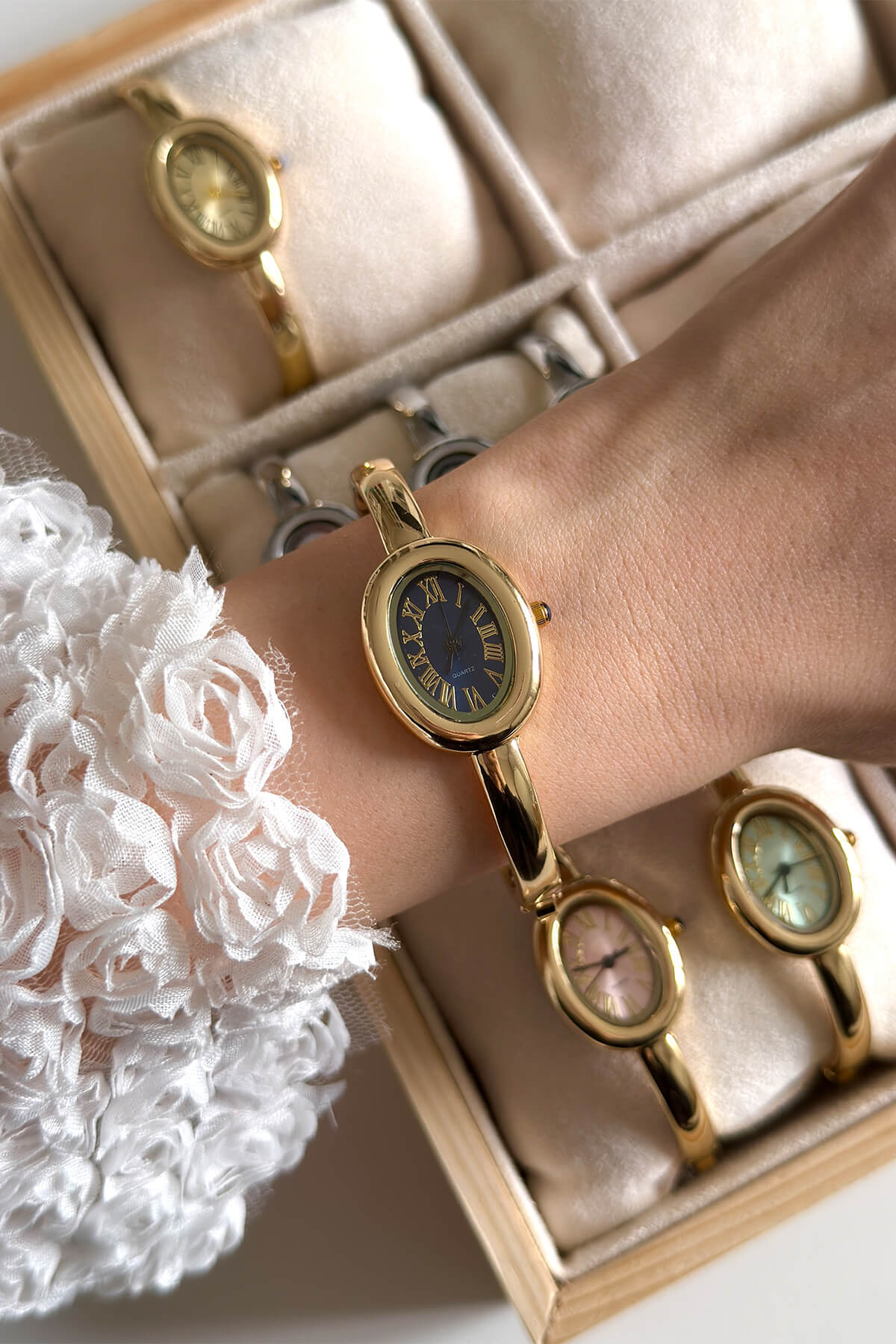 Asia, beyaz kadranın sadeliğini silver rengin ışıltılı kelepçe tasarımıyla birleştirerek bileğinizde modern bir mücevher etkisi yaratıyor. Oval kasa formu ve Roma rakamlı kadran detayıyla klasik bir duruş sergileyen bu model, ince yapısı sayesinde gün boyu konforlu bir şıklık sunar. Hem tek başına hem de favori bilekliklerinizle kombinleyebileceğiniz bu özel parça, stilinize sofistike bir dokunuş katmak için tasarlandı.
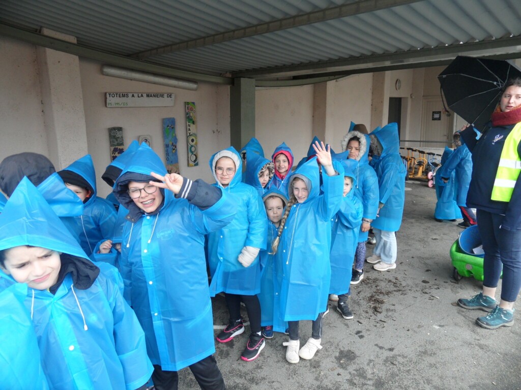 Jeudi 2 avril, les élèves qui mangent à la cantine ont revêtu, pour la première fois, les ponchos fournis par la mairie !
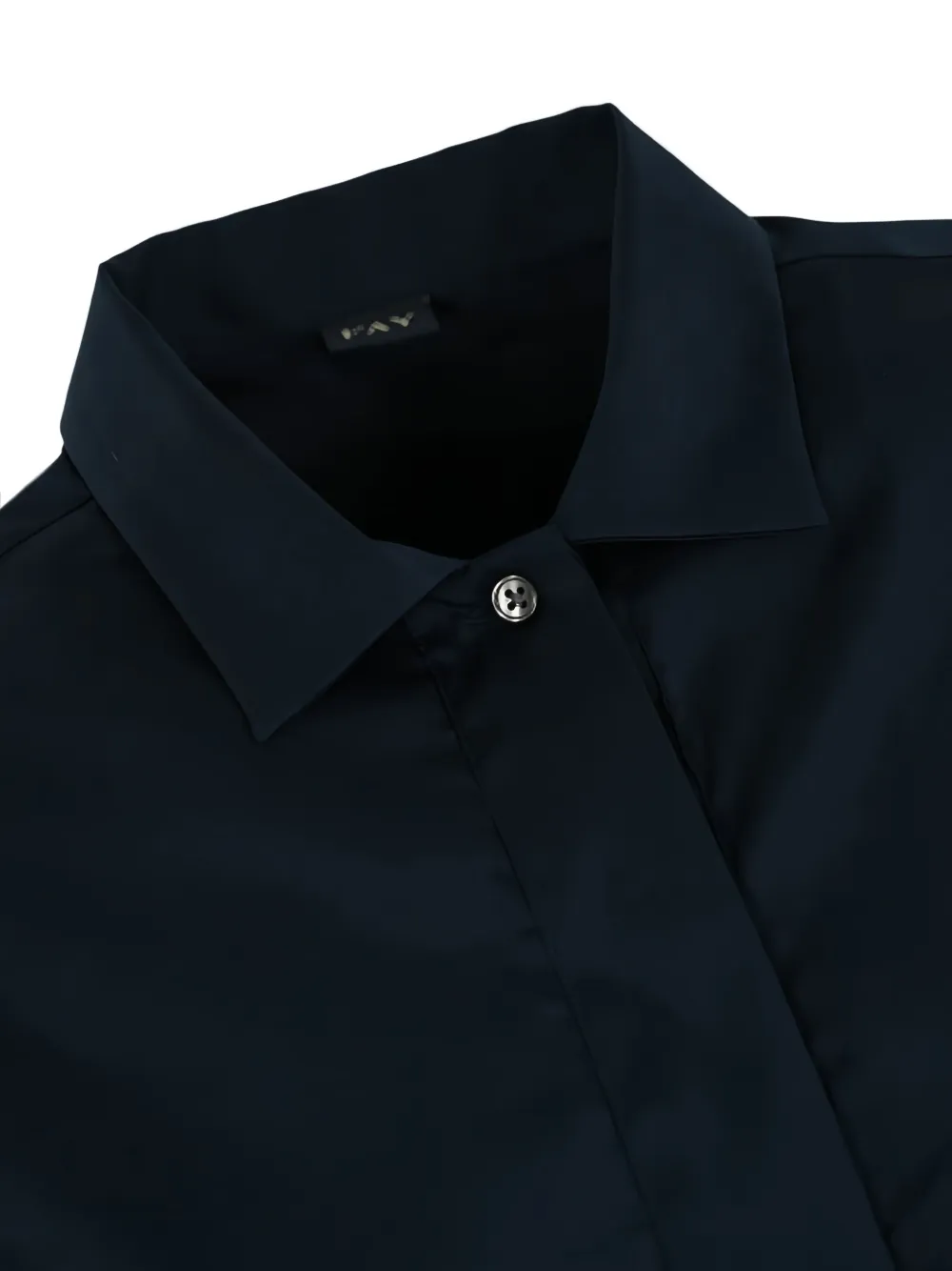Темно-синий классический воротник, длинные рукава, застежка на пуговицы, прямой подол.
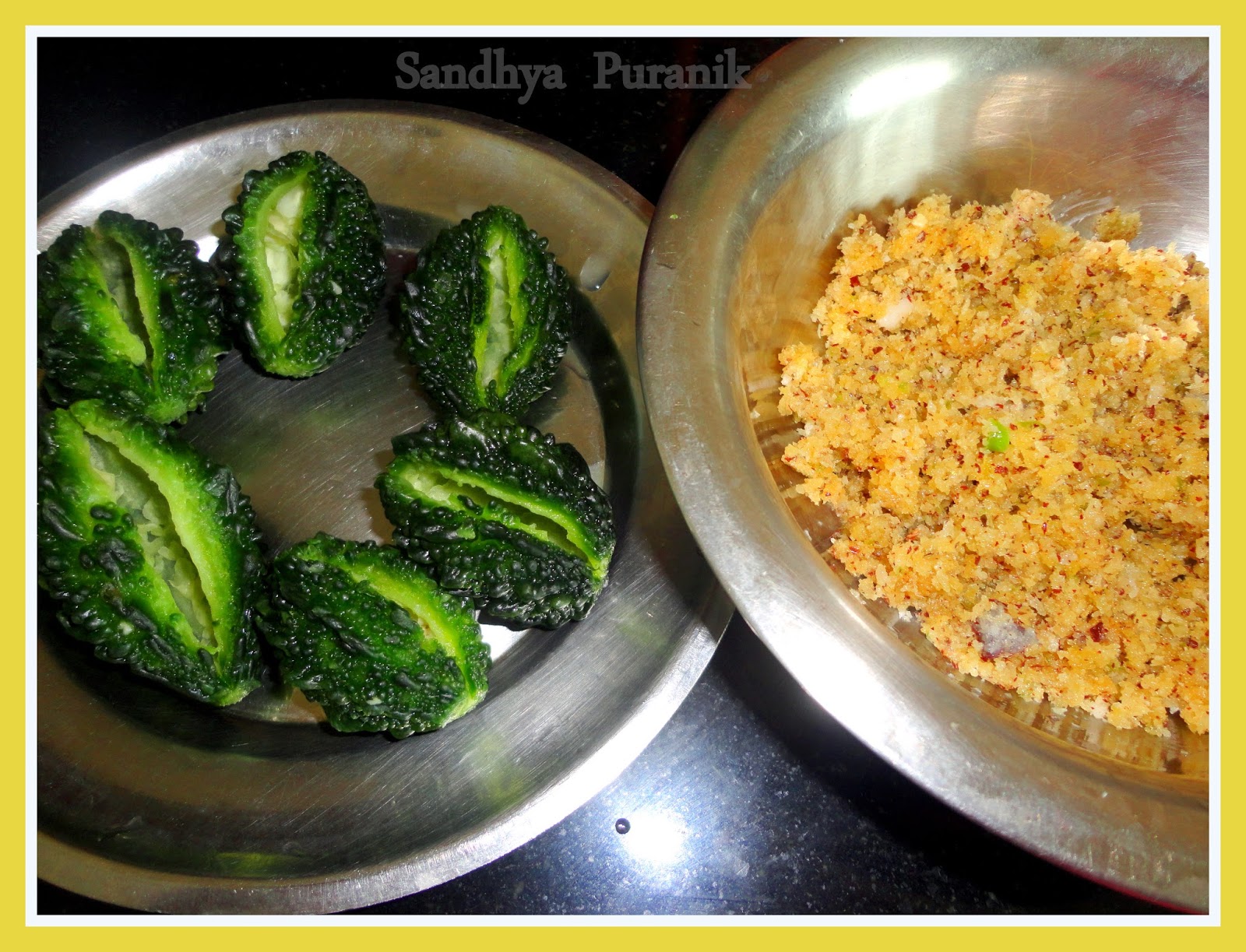 - Wash the bittergourds to remove the bitterness,stuff the coconut filling into each slit and steam them for 15-20 minutes.
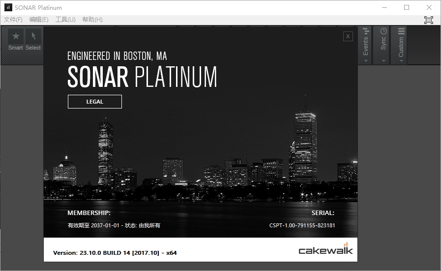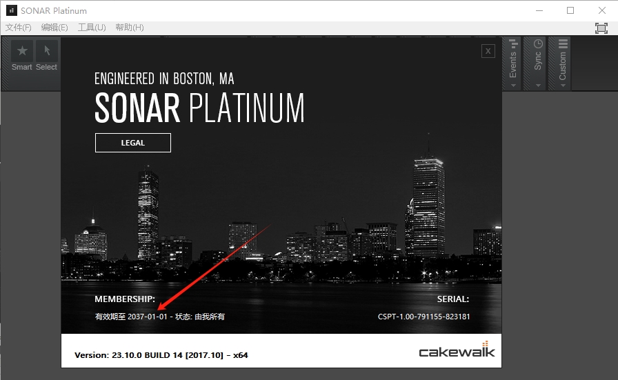8、以上操作都完成后回到电脑桌面双击运行“SONAR Platinum”,点击帮助——关于,发现激活成功,看到使用到期期限为2037.1.1!
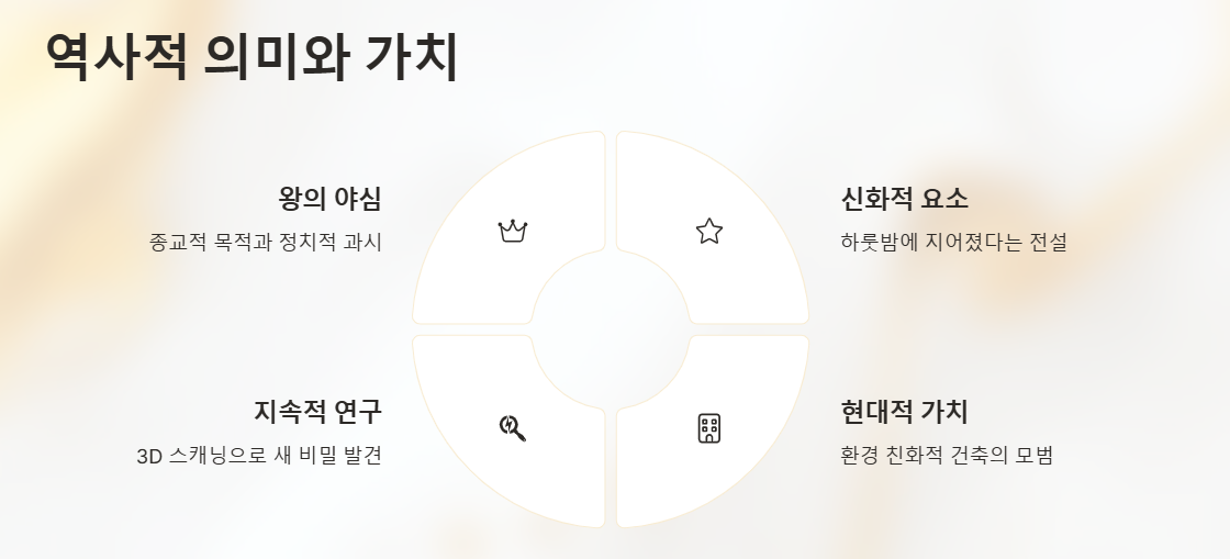 다만 이렇게 정교한 작업을 위해서는 엄청난 시간과 노력이 필요했을 거예요. 하나의 돌을 가공하는 데만도 며칠씩 걸렸을 테니까요. 현대적 관점에서 보면 비효율적일 수도 있지만, 그 덕분에 우리가 지금도 이 아름다운 유산을 볼 수 있는 거겠죠 🎨
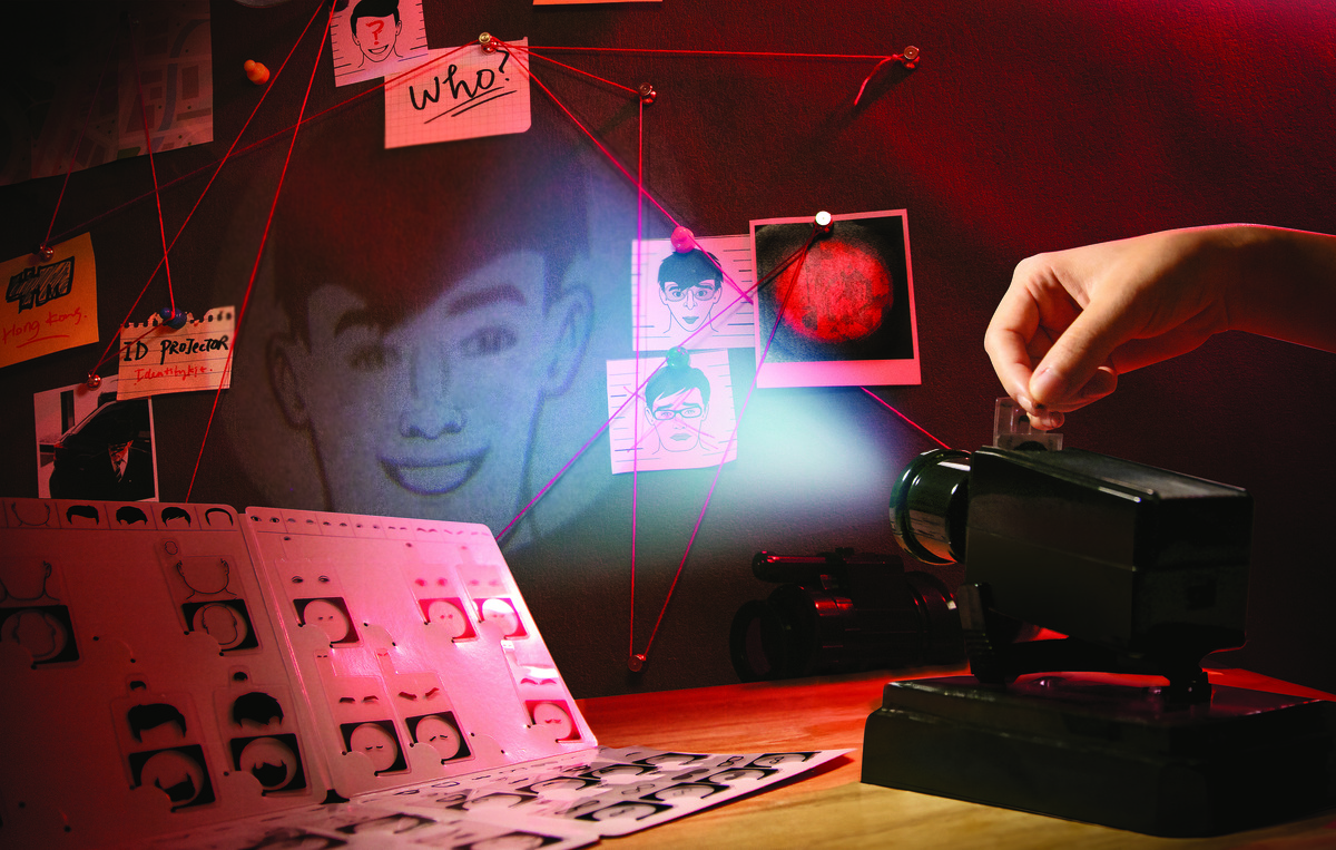 Απελευθέρωσε τον μυστικό πράκτορα που κρύβεις μέσα σου και βρες τον ύποπτο με τη βοήθεια του προβολέα. Κάνε βουτιά στον συναρπαστικό κόσμο της επίλυσης μυστηρίων, συνθέτοντας το πορτραίτο υπόπτου. Κάθε διαφάνεια απεικονίζει και ένα διαφορετικό πρόσωπο.

PROMPT — Nothing but the lines from the one that holds "8、以上操作都完成后回到电脑" through the end of the data should appear, written out exactly, without pictures.

ANSWER BOX —
8、以上操作都完成后回到电脑桌面双击运行“SONAR Platinum”,点击帮助——关于,发现激活成功,看到使用到期期限为2037.1.1!
 다만 이렇게 정교한 작업을 위해서는 엄청난 시간과 노력이 필요했을 거예요. 하나의 돌을 가공하는 데만도 며칠씩 걸렸을 테니까요. 현대적 관점에서 보면 비효율적일 수도 있지만, 그 덕분에 우리가 지금도 이 아름다운 유산을 볼 수 있는 거겠죠 🎨
 Απελευθέρωσε τον μυστικό πράκτορα που κρύβεις μέσα σου και βρες τον ύποπτο με τη βοήθεια του προβολέα. Κάνε βουτιά στον συναρπαστικό κόσμο της επίλυσης μυστηρίων, συνθέτοντας το πορτραίτο υπόπτου. Κάθε διαφάνεια απεικονίζει και ένα διαφορετικό πρόσωπο.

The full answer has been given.